Cost effective perovskite solar cells with a high efficiency and open-circuit voltage based on a perovskite-friendly carbon electrode

• Published in: Journal of materials chemistry. A, Materials for energy and sustainability Vol. 6; no. 18; pp. 8271 - 8279
• Main Authors: Chu, Qian-Qian, Ding, Bin, Qiu, Qi, Liu, Yan, Li, Cheng-Xin, Li, Chang-Jiu, Yang, Guan-Jun, Fang, Baizeng
• Format: Journal Article
• Language: English
• Published: Cambridge Royal Society of Chemistry 2018
• Subjects: acetates; Acetic acid; Carbon; carbon electrodes; chemistry; cost effectiveness; Efficiency; electric potential difference; Electrical conductivity; Electrical resistivity; Electrodes; Energy conversion efficiency; Fabrication; Low temperature; Open circuit voltage; Photoelectric effect; Photoelectric properties; Photoelectricity; Photovoltaic cells; Propylene; Propylene glycol; Solar cells; solar energy; solvents; Stability; temperature; Voltage
• ISSN: 2050-7488; 2050-7496; 2050-7496
• DOI: 10.1039/c7ta10871k

For low-temperature paintable carbon based perovskite solar cells (PSCs), the commercial carbon paste utilized to prepare carbon electrodes damages the well-fabricated perovskite films, resulting in bad photoelectric properties. Herein, we have successfully prepared a low temperature perovskite-friendly and environmentally benign carbon paste using propylene glycol monomethyl ether acetate as a solvent, which has shown a high electrical conductivity.

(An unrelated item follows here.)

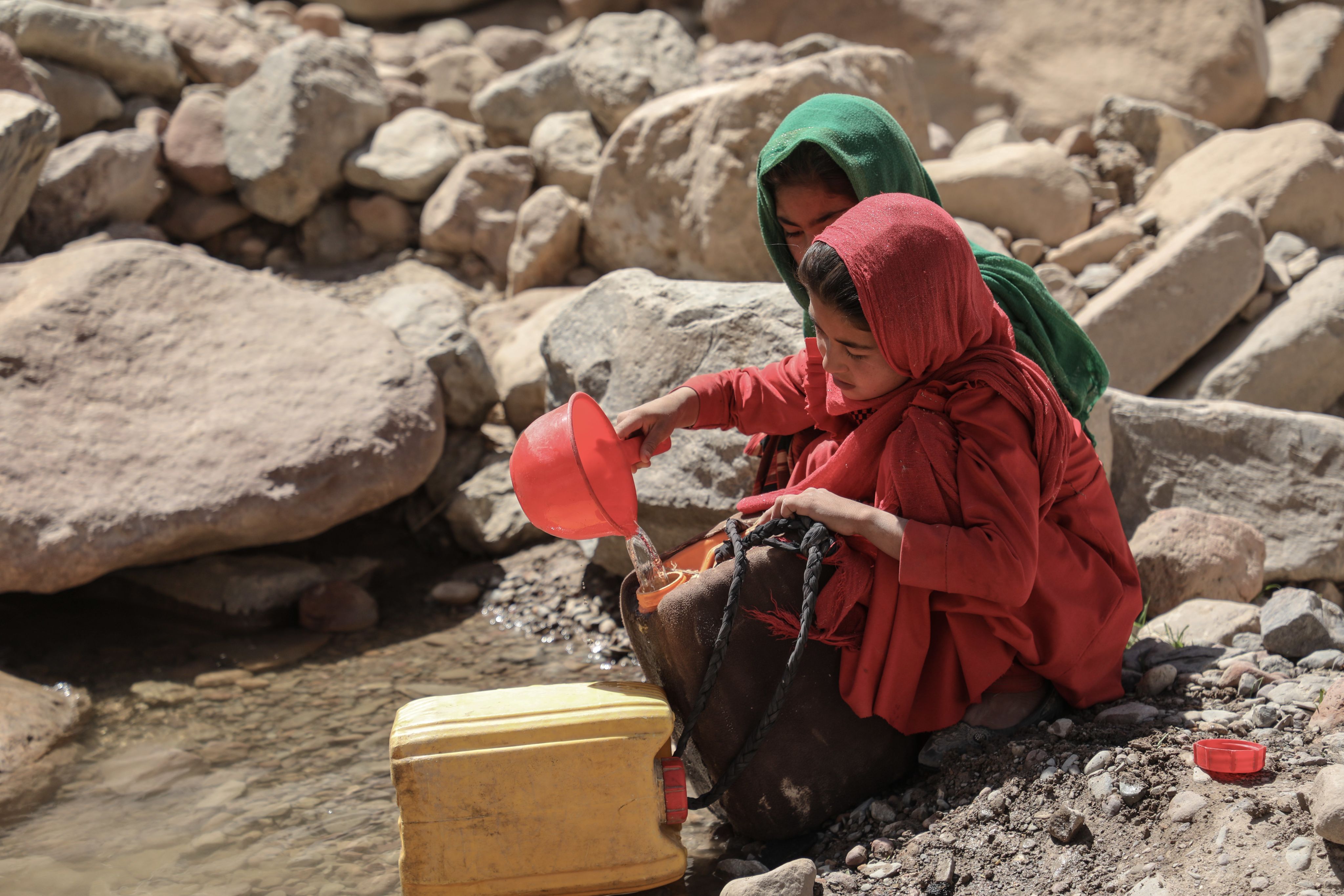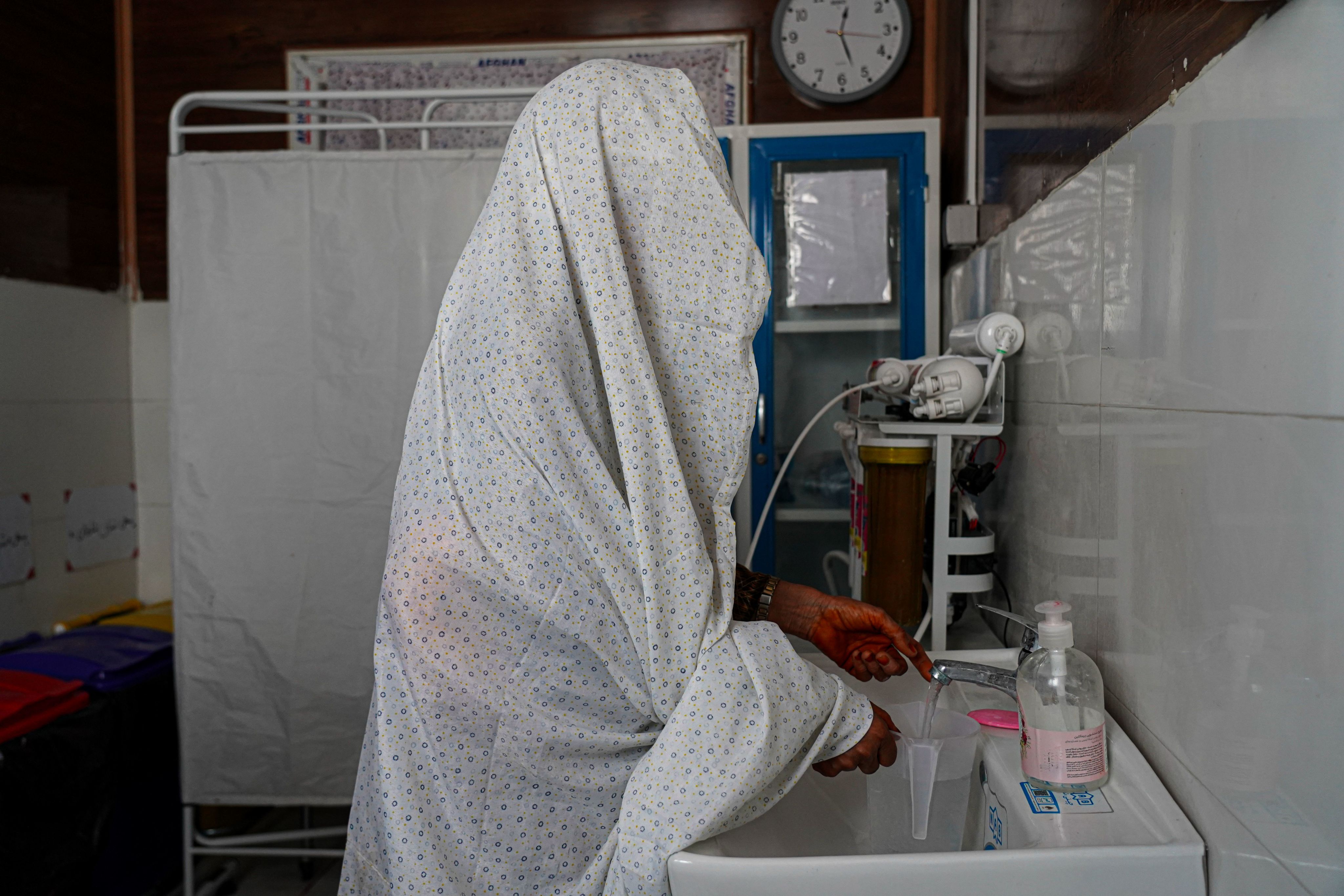 Laila’s mother-in-law fills a water canister from the clinic’s tap, as there are no safe water sources available in their village.
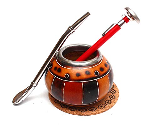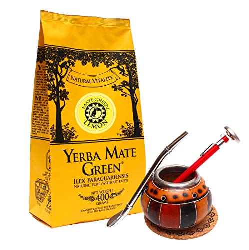 Das Set besteht jeglicher: – originalem handgemachten Mate Becher mit einer Kapazität von ca. 200ml – Yerba Mate Green 400g – einem Thermometer zur Messung der Wassertemperatur zum Aufbrühen von Yerba Mate Green benachbart der Temperatur von maximal 75-80c – stahlstrohhalm 19cm – hochwertige korkuntersetzer

More importantly, with the exclusive carbon paste, the perovskite film keeps a dense and uniform morphology. The as-developed PSCs do not involve the fabrication of organic hole transport materials (HTMs) which are generally expensive and air-sensitive, greatly limiting the long-term stability. The cost-effective HTM-free carbon-based PSCs demonstrate a champion power conversion efficiency of up to 13.5% and a champion open-circuit voltage of up to 1.07 V with an active area of 0.1 cm 2 , the highest value reported so far for carbon-based PSCs with MAPbI 3 as the light harvester. Furthermore, a long-time stability test shows that the solar cells with the as-prepared carbon electrode retain more than 90% of their initial power conversion efficiency after 960 h. The dissolution of perovskite films with perovskite-friendly carbon paste was avoided, resulting in high efficiency of perovskite solar cells.